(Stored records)

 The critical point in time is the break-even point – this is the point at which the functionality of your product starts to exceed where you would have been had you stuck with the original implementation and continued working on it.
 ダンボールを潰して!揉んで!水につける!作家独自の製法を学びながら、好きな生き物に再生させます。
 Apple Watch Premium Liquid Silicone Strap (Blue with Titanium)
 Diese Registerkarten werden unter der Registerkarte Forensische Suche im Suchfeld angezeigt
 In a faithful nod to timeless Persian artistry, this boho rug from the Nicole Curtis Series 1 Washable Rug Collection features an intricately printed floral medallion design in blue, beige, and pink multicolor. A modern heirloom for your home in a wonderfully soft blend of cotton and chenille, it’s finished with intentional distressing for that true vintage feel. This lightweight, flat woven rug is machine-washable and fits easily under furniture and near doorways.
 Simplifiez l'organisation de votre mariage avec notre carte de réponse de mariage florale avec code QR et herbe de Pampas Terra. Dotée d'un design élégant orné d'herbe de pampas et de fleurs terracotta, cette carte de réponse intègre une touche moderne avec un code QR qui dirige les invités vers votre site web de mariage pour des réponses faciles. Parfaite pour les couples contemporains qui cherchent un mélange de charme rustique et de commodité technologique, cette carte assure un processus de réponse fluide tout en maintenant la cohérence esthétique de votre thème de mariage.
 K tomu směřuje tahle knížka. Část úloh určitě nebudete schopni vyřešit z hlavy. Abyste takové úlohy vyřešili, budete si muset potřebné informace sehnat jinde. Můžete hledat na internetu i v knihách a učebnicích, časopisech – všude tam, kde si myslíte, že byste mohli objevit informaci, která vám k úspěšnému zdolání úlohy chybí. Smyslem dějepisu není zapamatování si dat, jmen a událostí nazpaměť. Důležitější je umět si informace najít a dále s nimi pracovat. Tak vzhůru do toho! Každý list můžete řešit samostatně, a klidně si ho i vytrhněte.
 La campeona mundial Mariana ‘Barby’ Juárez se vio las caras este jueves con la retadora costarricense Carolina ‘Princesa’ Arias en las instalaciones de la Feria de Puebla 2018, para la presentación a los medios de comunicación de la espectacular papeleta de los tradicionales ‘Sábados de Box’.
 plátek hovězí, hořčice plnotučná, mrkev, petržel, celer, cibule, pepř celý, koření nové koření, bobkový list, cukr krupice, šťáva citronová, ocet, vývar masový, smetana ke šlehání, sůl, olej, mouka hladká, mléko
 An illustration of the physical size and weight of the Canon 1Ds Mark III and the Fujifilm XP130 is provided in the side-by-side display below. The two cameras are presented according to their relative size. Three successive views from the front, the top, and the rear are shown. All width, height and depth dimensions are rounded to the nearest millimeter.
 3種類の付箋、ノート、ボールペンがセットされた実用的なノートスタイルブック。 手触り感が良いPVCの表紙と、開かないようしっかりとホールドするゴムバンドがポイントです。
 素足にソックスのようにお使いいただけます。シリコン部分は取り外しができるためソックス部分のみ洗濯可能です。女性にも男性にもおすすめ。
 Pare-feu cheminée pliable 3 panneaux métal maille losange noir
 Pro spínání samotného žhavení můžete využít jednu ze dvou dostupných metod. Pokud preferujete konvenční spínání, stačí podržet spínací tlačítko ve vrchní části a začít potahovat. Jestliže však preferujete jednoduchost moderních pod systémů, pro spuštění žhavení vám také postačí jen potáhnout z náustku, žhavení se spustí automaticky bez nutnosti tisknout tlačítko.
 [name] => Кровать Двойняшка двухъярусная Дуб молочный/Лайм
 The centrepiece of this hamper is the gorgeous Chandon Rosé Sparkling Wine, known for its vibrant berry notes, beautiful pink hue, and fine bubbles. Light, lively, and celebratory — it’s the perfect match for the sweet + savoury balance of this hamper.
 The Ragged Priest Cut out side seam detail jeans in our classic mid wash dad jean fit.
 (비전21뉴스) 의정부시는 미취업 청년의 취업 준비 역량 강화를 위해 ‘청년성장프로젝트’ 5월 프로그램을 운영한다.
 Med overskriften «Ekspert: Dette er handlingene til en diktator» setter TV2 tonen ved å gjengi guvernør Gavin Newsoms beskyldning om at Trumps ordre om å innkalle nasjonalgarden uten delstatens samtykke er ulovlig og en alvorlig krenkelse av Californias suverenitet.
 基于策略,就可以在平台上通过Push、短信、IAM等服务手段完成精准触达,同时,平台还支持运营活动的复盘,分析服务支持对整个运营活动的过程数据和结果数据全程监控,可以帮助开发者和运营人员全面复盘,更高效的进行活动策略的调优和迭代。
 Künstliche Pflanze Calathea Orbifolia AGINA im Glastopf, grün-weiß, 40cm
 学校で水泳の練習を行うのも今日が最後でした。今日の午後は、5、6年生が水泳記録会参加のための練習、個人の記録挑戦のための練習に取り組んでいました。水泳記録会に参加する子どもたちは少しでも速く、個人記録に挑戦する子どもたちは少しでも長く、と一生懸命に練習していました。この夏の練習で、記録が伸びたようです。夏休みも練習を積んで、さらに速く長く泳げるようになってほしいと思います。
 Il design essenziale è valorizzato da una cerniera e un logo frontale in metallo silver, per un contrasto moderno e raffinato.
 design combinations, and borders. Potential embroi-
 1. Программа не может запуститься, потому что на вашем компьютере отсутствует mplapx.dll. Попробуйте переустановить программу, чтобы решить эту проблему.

> **WORK TASK**
Some lines above contain the word "side". Copy each of them.

> **EXERCISE RESULT**
 An illustration of the physical size and weight of the Canon 1Ds Mark III and the Fujifilm XP130 is provided in the side-by-side display below. The two cameras are presented according to their relative size. Three successive views from the front, the top, and the rear are shown. All width, height and depth dimensions are rounded to the nearest millimeter.
 The Ragged Priest Cut out side seam detail jeans in our classic mid wash dad jean fit.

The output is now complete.